Personal information
- Born: June 15, 1984 (age 41) Placentia, California, U.S.
- Listed height: 6 ft 8 in (2.03 m)
- Listed weight: 220 lb (100 kg)

Career information
- High school: El Dorado (Placentia, California)
- College: Pepperdine (2002–2003); Weber State (2004–2007);
- NBA draft: 2007: undrafted
- Playing career: 2007–2011
- Position: Power forward
- Number: 24

Career history
- 2007–2008: Cáceres Ciudad del Baloncesto
- 2008–2009: Upstairs Weert
- 2009–2010: Abejas de Guanajuato
- 2010: Boca Juniors
- 2010: Edmonton Energy
- 2010–2011: Abejas de Guanajuato
- 2011: Lechugueros de León

Career highlights
- AP Honorable mention All-American (2007); Big Sky Player of the Year (2007); First-team All-Big Sky (2007); Big Sky tournament MVP (2007);

= David Patten (basketball) =

American basketball player (born 1984)

David Patten (born June 15, 1984) is an American former basketball player and current radio commentator. Patten played college basketball for the Weber State Wildcats and went on to play professionally in several countries.

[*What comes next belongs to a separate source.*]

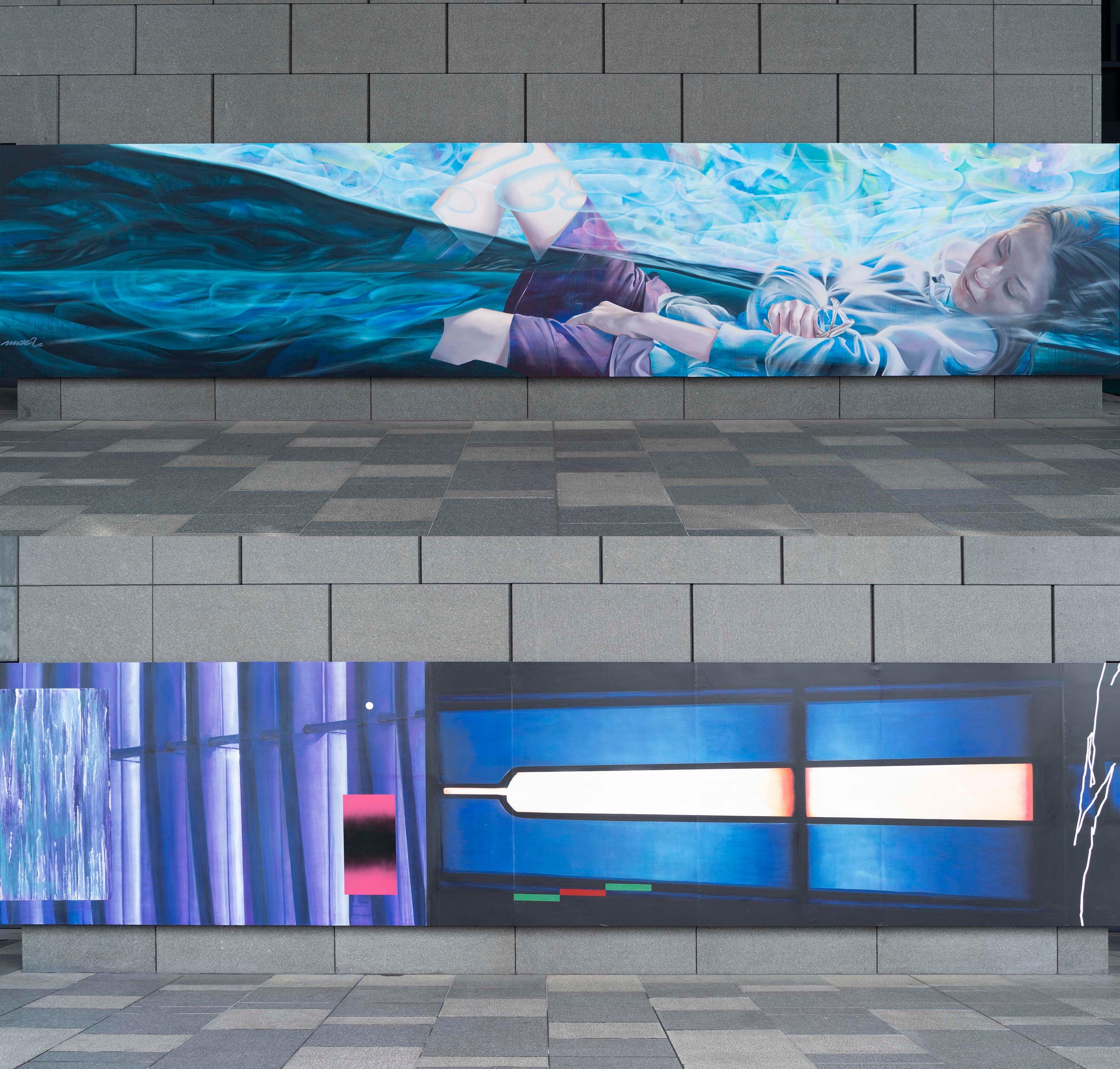 作品説明:メキシコ・ロスカボスの海面をモブラ(イトマキエイ)が大群で跳ね、海と空の両方を飛ぶように泳ぐ映像を観ました。海と陸の境界はそれぞれの世界で生きる生き物にとっての分水嶺であり、生と死がスイッチする境界線です。映像ではそのボーダーを彼らがスイスイとたやすく越境しているようで、今の時勢もあってか新鮮に映り、今回の壁画の着想になりました。境界線のアチラもコチラもどこ吹く風、寝仏のように昼寝に堕ちる女性をモチーフに、リラックスして構える大切さを描きとめようと描いた作品です。
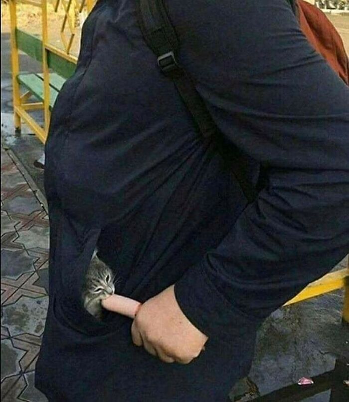 Кот аккуратно спрятан в кармане - универсальный антистресс и моральная поддержка в одном комплекте.

Patten, a power forward from El Dorado High School in his native Placentia, California. He first committed to Pepperdine University, where he played both basketball and volleyball during the 2002–03 year. He left at the end of the academic year in part to be closer to his ailing mother. He spent a year at Santa Ana College but did not play basketball. He then transferred to Weber State for the 2004–05 season, joining the Wildcats basketball team.

In his sophomore season, Patten suffered a broken foot and missed the majority of the Big Sky Conference season. In his junior year he became one of the team leaders, averaging 10.8 points and 5.1 rebounds as he entered the starting lineup for the Wildcats. In his senior year, Patten became the focal point of the team under first-year coach Randy Rahe. He raised his scoring average to 14.2 points per game and led the Wildcats to the Big Sky regular season crown, earning Big Sky Player of the Year and first-team all-conference honors. Patten capped this off by leading the team to the 2007 Big Sky tournament championship, earning MVP honors at the event and helping the team capture a spot in the 2007 NCAA tournament.

Following his college career, Patten was not selected in the 2007 NBA draft. He signed his first professional deal with Cáceres Ciudad del Baloncesto in Spain for the 2007–08 season. He played in the Netherlands during the 2008–09 season for Upstairs Weert. He split the 2009–10 season in Mexico with Abejas de Guanajuato and Argentina with Boca Juniors. In 2010, he played for the Edmonton Energy of the International Basketball League. He returned to Abejas de Guanajuato for the 2010–11 season and then finished his career with Lechugueros de León, starting with the team for the 2011–12 season but leaving in November 2011.

Following his retirement as a player, Patten moved to Ogden, Utah and became color commentator for Weber State games on the radio.